We awoke this past Saturday morning—the day before first day of Advent—to a quiet city blanketed in snow.
The forecast had predicted a few flurries on this day for over a week. However, here in Seattle, a pileup of snow is hard to come by. When they said a few flurries, I took them literally, expecting to wake up on Saturday morning to already-melting tiny patches of ice.
Despite my cynicism, on Saturday morning I opened the curtains slowly, filled with a tiny glimmer of hope leftover from a Midwestern childhood, in which the forecast of overnight flurries could mean a day (or two, or five) off from school. Nothing seemed better than a snow day then. But before we knew if the snow would come, we had to wait through the darkness.

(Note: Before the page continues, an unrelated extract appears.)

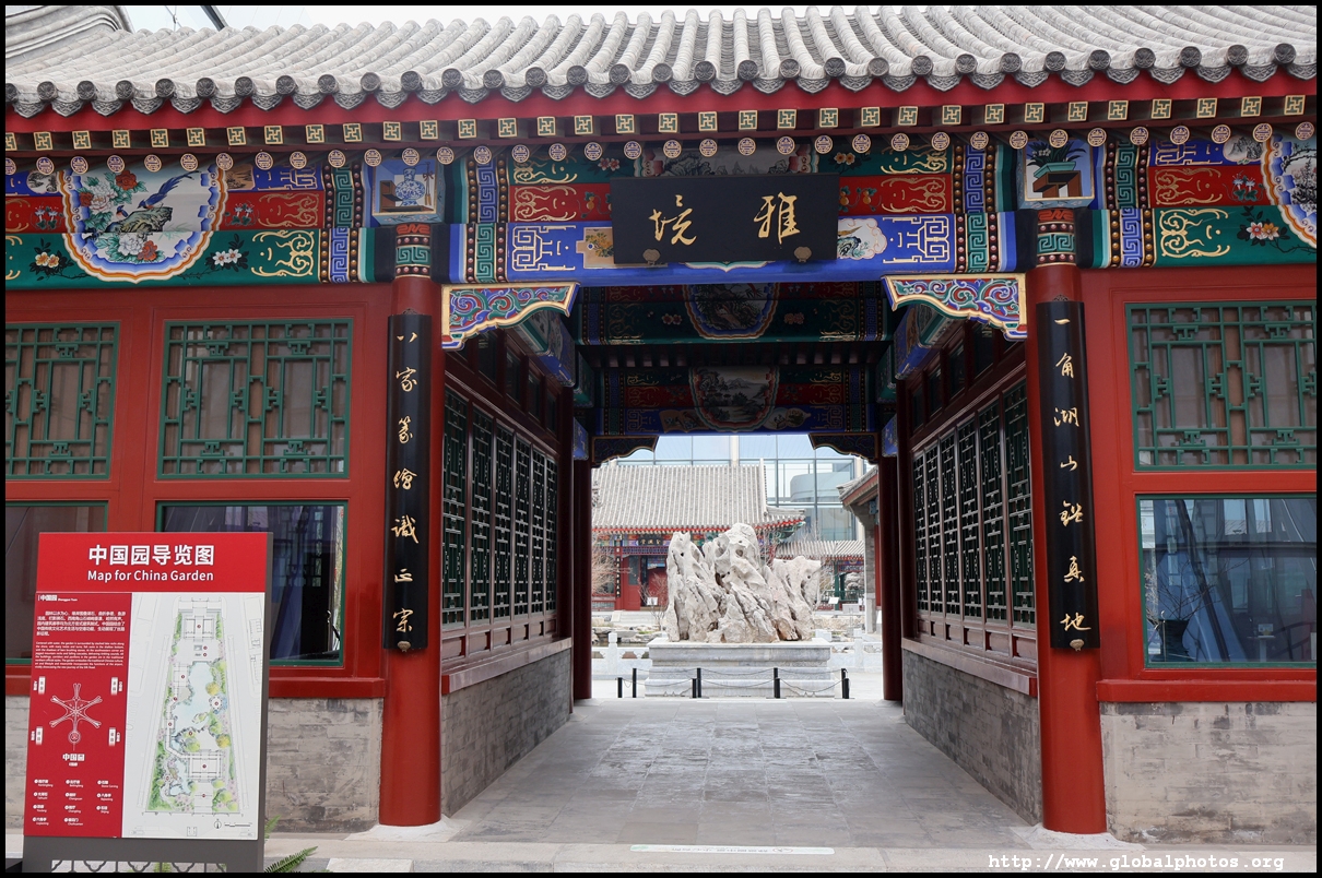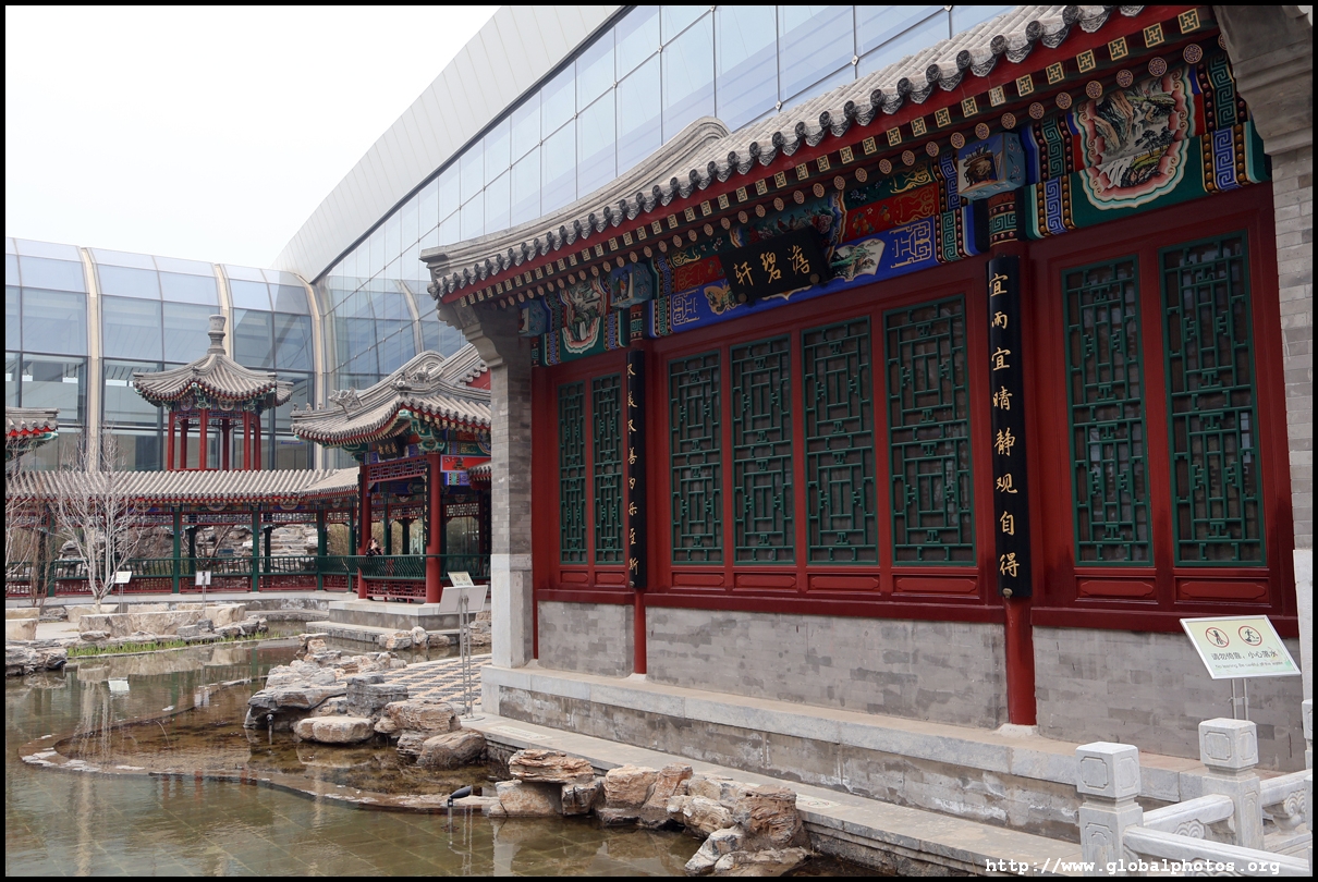 The China Garden at the end of the international pier features traditional architecture with water features to relax before boarding.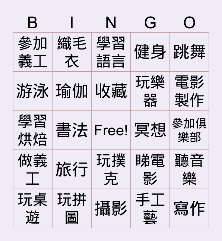 This bingo card has a free space and 50 words: 閱讀, 寫作, 繪畫, 攝影, 旅行, 烹飪, 織毛衣, 跑步, 游泳, 單車, 瑜伽, 健身, 聽音樂, 睇電影, 玩遊戲, 園藝, 收藏, 冥想, 遠足, 跳舞, 書法, 手工藝, 參加義工, 玩樂器, 睇書, 聊天, 電影製作, 繪漫畫, 學習語言, 玩撲克, 做運動, 參觀博物館, 睇戲, 釣魚, 玩拼圖, 參加聚會, 做陶藝, 養寵物, 玩電子遊戲, 參加俱樂部, 養魚, 參加舞蹈班, 製作手工藝品, 參加攝影班, 玩桌遊, 學習烘焙, 參加藝術課程, 參加文化活動, 做義工 and 學習編程.

The anticipation was so palpable I can still close my eyes return and those moments today. Once morning came, I would creep out of bed and head straight for the nearest window, whispering prayers of petition along the way. At the slightest turning of the blinds, my heart would fill with joy or sink with sadness as the window revealed either a wintry scene or the same gray day it displayed the day before.
This past Saturday morning I found myself looking out the window in anticipation once more and was surprised to discover the ground instead covered in white (with a few dry patches remaining—we’re talking about Seattle, here). With the season of Advent upon us, this reminder of such feelings of anticipation seemed timely—the perfect way to usher in a season that invites us to engage the tension between waiting and hope.
On Sunday morning—the first day of Advent—Kyle, Sam, and I headed to the nearby forest, where patches of snow still remained, in order to collect fallen greenery to decorate our mantle. The pine branches and fern leaves we gathered along the trails would join our beeswax Advent candles as symbols of preparation and anticipation—two themes of the Advent season.
I’d imagined this moment ever since I began taking my daily walks in the forest, wooed by the symbolism of pine branches flourishing in the dead of winter and flickering Advent candles made from summer’s bounty, reminding us that Advent is a season of keeping vigil and holding on to hope.
Some might say Advent is to Christmas as Lent is to Easter, but I feel like Advent is more like Holy Week—the strange-yet-vital space in between.
It’s easy to want to coast right on through these seasons of tension and straight on to the good news of Christmas and Easter. But the strain of Advent and Holy Week are gifts in their own way, invitations to intentionally enter into the darkness long enough to discover where new life is taking form. And yet while we courageously engage the tension, we wait with hearts filled with hope and souls filled with anticipation, making preparations for the coming season of celebration because we know of the good news that awaits.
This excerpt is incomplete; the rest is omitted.